You can analyze the combined network of both TRA/TRB or IGH/IGL
chains by setting chain = "both"
. This will create a single
cluster column named Multi.Cluster
.
# Cluster using both TRB and TRA chains simultaneously
clustered_both <- clonalCluster(combined.TCR[c(1,2)],
chain = "both")
# View the new "Multi.Cluster" column
head(clustered_both[[1]][, c("barcode", "TCR1", "TCR2", "Multi.Cluster")])
## barcode TCR1 TCR2
## 1 P17B_AAACCTGAGTACGACG-1 TRAV25.TRAJ20.TRAC TRBV5-1.None.TRBJ2-7.TRBC2
## 2 P17B_AAACCTGCAACACGCC-1 TRAV38-2/DV8.TRAJ52.TRAC TRBV10-3.None.TRBJ2-2.TRBC2
## 3 P17B_AAACCTGCAGGCGATA-1 TRAV12-1.TRAJ9.TRAC TRBV9.None.TRBJ2-2.TRBC2
## 4 P17B_AAACCTGCATGAGCGA-1 TRAV12-1.TRAJ9.TRAC TRBV9.None.TRBJ2-2.TRBC2
## 5 P17B_AAACGGGAGAGCCCAA-1 TRAV20.TRAJ8.TRAC <NA>
## 6 P17B_AAACGGGAGCGTTTAC-1 TRAV12-1.TRAJ9.TRAC TRBV9.None.TRBJ2-2.TRBC2
## Multi.Cluster
## 1 <NA>
## 2 <NA>
## 3 cluster.1
## 4 cluster.1
## 5 cluster.2
## 6 cluster.1
While the default cluster.method = "components"
is
robust, you can use other algorithms from the igraph package, such as
walktrap
or louvain
, to potentially uncover
different community structures.
# Cluster using the walktrap algorithm
graph_walktrap <- clonalCluster(combined.TCR[c(1,2)],
cluster.method = "walktrap",
exportGraph = TRUE)
# Compare the number of clusters found
length(unique(V(graph_walktrap)$cluster))
## [1] 424
Overall, clonalCluster()
is a versatile function for
defining and analyzing clonal relationships based on sequence
similarity.

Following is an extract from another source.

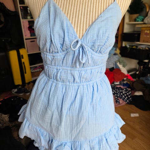 Lett blå sommerkjole med krage.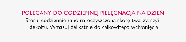 Dla każdego rodzaju skóry, również bardzo wrażliwej. Szczególnie polecany dla skóry cienkiej, wiotkiej, z widocznymi liniami i zmarszczkami, utratą elastyczności i sprężystości.

It allows researchers to move beyond exact sequence matches,
providing a more comprehensive understanding of clonal families. The
ability to customize parameters like threshold
,
chain
selection, and group.by
ensures
adaptability to diverse research questions. Furthermore, the option to
export igraph
objects or sparse adjacency matrices provides
advanced users with the tools for in-depth network analysis.